Над деревенской улочкой гора вздымала свой темный горб, бережно держа старые домики так высоко, что верхние их окна находились на уровне нижних звезд.
XI
Швейцар распахнул голубоватую стеклянную дверь ресторана и небрежно, как прислуга нанятая на лето, протянул Левису визитную карточку, придерживая ее пальцами.
Банк «Апостолатос».
Триест.
К нему пришли. Он хотел попросить сказать, что его нет, но передумал.
Это была она.
— Пришла к вам по-соседски, я живу в боковом крыле.
Левис поздоровался, радуясь этому неожиданному визиту.
Потом бросил грубовато:
— А какое отношение имеете вы к банку «Апостолатос»?
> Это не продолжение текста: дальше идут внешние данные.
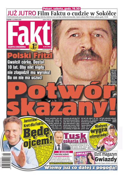 Donald Tusk przyznał, że kontakty Chlebowskiego i Drzewieckiego z rekinami hazardu były gorszące; poseł żyje za darmo dzięki całej masie przywilejów - prawie cała poselska pensja zostaje na koncie; tajemnicza wyprawa Bronisława Komorowskiego na wieś; zdesperowany rolnik miał dość zasp pod domem - chwycił za siekierę, bo nie odśnieżyli mu drogi; muzyk De Mono uciekł przed zimą i spędził z rodziną dwa miesiące nad Morzem Karaibskim; Adam Małysz zapowiada, że powalczy o olimpijskie złoto; w warszawskiej Sali Kongresowej odbędzie się losowanie grup eliminacyjnych; Marcin Gortat chce przez kilka dni odpocząć od gry w NBA.
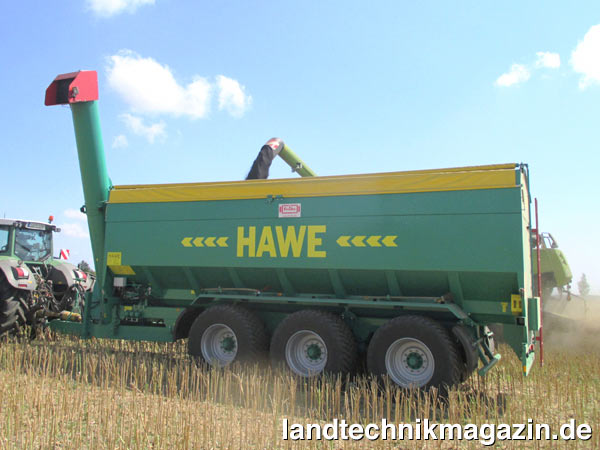 Mit 45 Kubikmetern Volumen, 20 Prozent mehr gegenüber dem bisherigen Topmodell, bietet HAWE nun ein Hochleistungsfahrzeug, das nach Herstellerangaben für die Arbeit mit Hochleistungsmähdreschern in Sachen Korntankvolumen und Durchsatz ausgelegt ist. Der neue ULW 4000 arbeitet mit einer laut HAWE auf 60 cm vergrößerten, hydraulisch schwenkbaren Überladeschnecke. Innerhalb von zwei Minuten ist die Ladung nach Herstellerangaben auf Straßenfahrzeuge überladen, die Überladeleistung pro Stunde beträgt laut HAWE 1.100 Tonnen.

Она, ничуть не обидевшись, ответила, что это ее фамилия — Апостолатос, Ирэн Апостолатос, что Апостолатосы из Триеста — ее двоюродные братья, они втроем управляют банком. Апостолатосы из Лондона — их дяди, а Апостолатосы из Нью-Йорка (один женился на мадам Лазарид из Марселя, другой на мадам Дамачино из Александрии) — их двоюродные дедушки. Все ветви семьи берут начало из одного корня, с Островов.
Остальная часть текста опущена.